= 1936 Greenock by-election =

UK parliamentary by-election

The 1936 Greenock by-election was a by-election held on 26 November 1936 for the UK House of Commons constituency of Greenock in Renfrewshire, Scotland.

== Vacancy ==
The seat had become vacant on 13 October 1936 when the Secretary of State for Scotland, Sir Godfrey Collins died at the age of 61. A Liberal National Party Member of Parliament (MP), he held the seat since the January 1910 general election.

== Candidates ==
The Liberal National candidate was V. E. Cornelius, who had not previously contested a parliamentary election.
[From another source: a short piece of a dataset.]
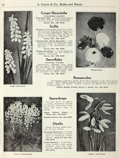 | Keywords: Currie's bulbs and plants (Page 14) (16203623729).jpg 14 <br> A Currie Co Bulbs and Plants <br> Grape Hyacinths <br> Hyacinthus muscari <br> Botryoides Blue Forms small spikes <br> of deep blue flowers resembling' a <br> bunch of grapes Perfectly hardy <br> Dozen 40e; 100 2 50 <br> Scllla <br> Siberica Exceedingly attractive bear- <br> ing their rich blue flowers as soon as <br> the snow has disappeared They pre- <br> sent a charming effect grown in <br> masses in the lawn May be grown <br> in pots to bloom for Christmas <br> Dozen 65c j 100 4 50 <br> Campanulata Wood Hyacinth The <br> flowers resemble miniature hyacinths <br> flowering early in summer Very <br> effective in the herbaceous border <br> Sky blue <br> Dozen 60c; 100 4 00 <br> Nutans Bluebells A very attractive <br> variety common in the woods of <br> England Deep blue <br> Dozen 60c; 100 4 00 <br> Snowflake <br> Leucojuiu Vernuni <br> Delightfully fragrant pure white <br> flowers tipped with green resembling <br> the Snowdrop but larger growing <br> twelve to eighteen inches high and <br> blooming about a month later They <br> are excellent for shady nooks <br> Dozen 60c; 100 4 00 <br> Ranunculus <br> Ranunculus <br> Grape Hyacinth s <br> Exceedingly attractive plants flowering profusely in the house during <br> winter Their double flowers range in color through shades of crimson <br> yellow white and purple Planted outdoors in spring they produce a <br> gorgeous effect <br> Choice Double French Mixed Dozen 75c; 100 5 00 <br> Snowdrops <br> The first flower to appear <br> in spring frequently rearing <br> its graceful snow-white bells <br> above the snow early in <br> spring <br> Single Elwes' Giant <br> Dozen 50c; 100 3 50 <br> Doubl <br> Dozen 70c; 100 5 00 <br> Oxalis <br> Pretty trailing plants suit- <br> able for pot culture <br> Bermuda Buttercup A strong <br> grower bearing an abund- <br> ance of buttercup yellow <br> flowers Each 5c; doz 50c; <br> 100 2 50 <br> Grand Duches s A free flow- <br> ering variety with pretty <br> lavender pink and white <br> flowers Each 5c; doz 50c; <br> 100 2 50 <br> Scilla Campanulata <br> Sing le Snowdrops 42227737 133132 65947 Page 14 Text http //www biodiversitylibrary org/page/42227737 1913 10 5962/bhl title 65947 Currie Brothers Company ; Henry G Gilbert Nursery and Seed Trade Catalog Collection NameFound Botryoides NameConfirmed Botryoides NameBankID 4901327 NameFound Campanulata NameFound Hyacinthus muscari NameConfirmed Hyacinthus muscari L EOLID 1004049 NameBankID 11176233 NameFound Oxalis NameConfirmed Oxalis sect Pseudobulbosae Norlind EOLID 40270 NameFound Ranunculus NameConfirmed Ranunculus EOLID 37662 NameBankID 2576523 NameFound Scilla NameConfirmed Scilla L EOLID 33607 NameFound Siberica NameConfirmed Siberica NameBankID 5328274 Biodiversity Heritage Library Currie's bulbs and plants autumn 1928 Garden Stories Bulbs Plants Catalogs Flowers Nurseries Horticulture Plants Ornamental Seeds U S Department of Agriculture National Agricultural Library bhl page 42227737 dc identifier http //biodiversitylibrary org/page/42227737 bhlGardenStories Grape Hyacynth Ranunculus Scilla snow drops Currie's BHLinbloom bulbs plants nurseries horticulture plants ornamental u s department of agriculture national agricultural library bhlgardenstories bhlinbloom Information field Flickr posted date ISOdate 2015-01-28 PD-old-70-1923 Unidentified Ranunculus 1913 books Currie's bulbs and plants Photos uploaded from Flickr by Fæ using a script Files from the Biodiversity Heritage Library released as Attribution-NonCommercial-ShareAlike |

His only opponent was the Labour Party candidate, 50-year-old Robert Gibson. Gibson had unsuccessfully contested one by-election and three general elections most recently at Dundee in 1935.

== Result ==
On a high turnout, the result was a victory for Gibson, who won the seat with a swing of nearly 8%. He held the seat until his resignation in 1941.

== Votes ==

Greenock by-election, 26 November 1936
| Party |  | Candidate | Votes | % | ±% |
|---|---|---|---|---|---|
|  | Labour | Robert Gibson | 20,594 | 53.4 | +9.4 |
|  | Liberal National | V. E. Cornelius | 17,990 | 46.6 | −6.1 |
| Majority |  |  | 2,604 | 6.8 | N/A |
| Turnout |  |  | 38,584 | 83.3 | −1.1 |
|  | Labour gain from Liberal National |  | Swing | +7.85 |  |

== Previous election ==

General election, November 1935: Greenock
| Party |  | Candidate | Votes | % | ±% |
|---|---|---|---|---|---|
|  | Liberal National | Godfrey Collins | 20,299 | 52.7 | +1.6 |
|  | Labour | T. Irwin | 16,945 | 44.0 | +13.3 |
|  | SNP | J. L. Kinloch | 1,286 | 3.3 | New |
| Majority |  |  | 3,354 | 8.7 | −15.7 |
| Turnout |  |  | 38,530 | 84.4 | +4.1 |
|  | Liberal National hold |  | Swing | −5.9 |  |

== See also ==
- Greenock (UK Parliament constituency)
- Greenock
- 1941 Greenock by-election
- 1955 Greenock by-election
- List of United Kingdom by-elections (1931–1950)

== Sources ==
- Craig, F. W. S. (1983). "British parliamentary election results 1918-1949"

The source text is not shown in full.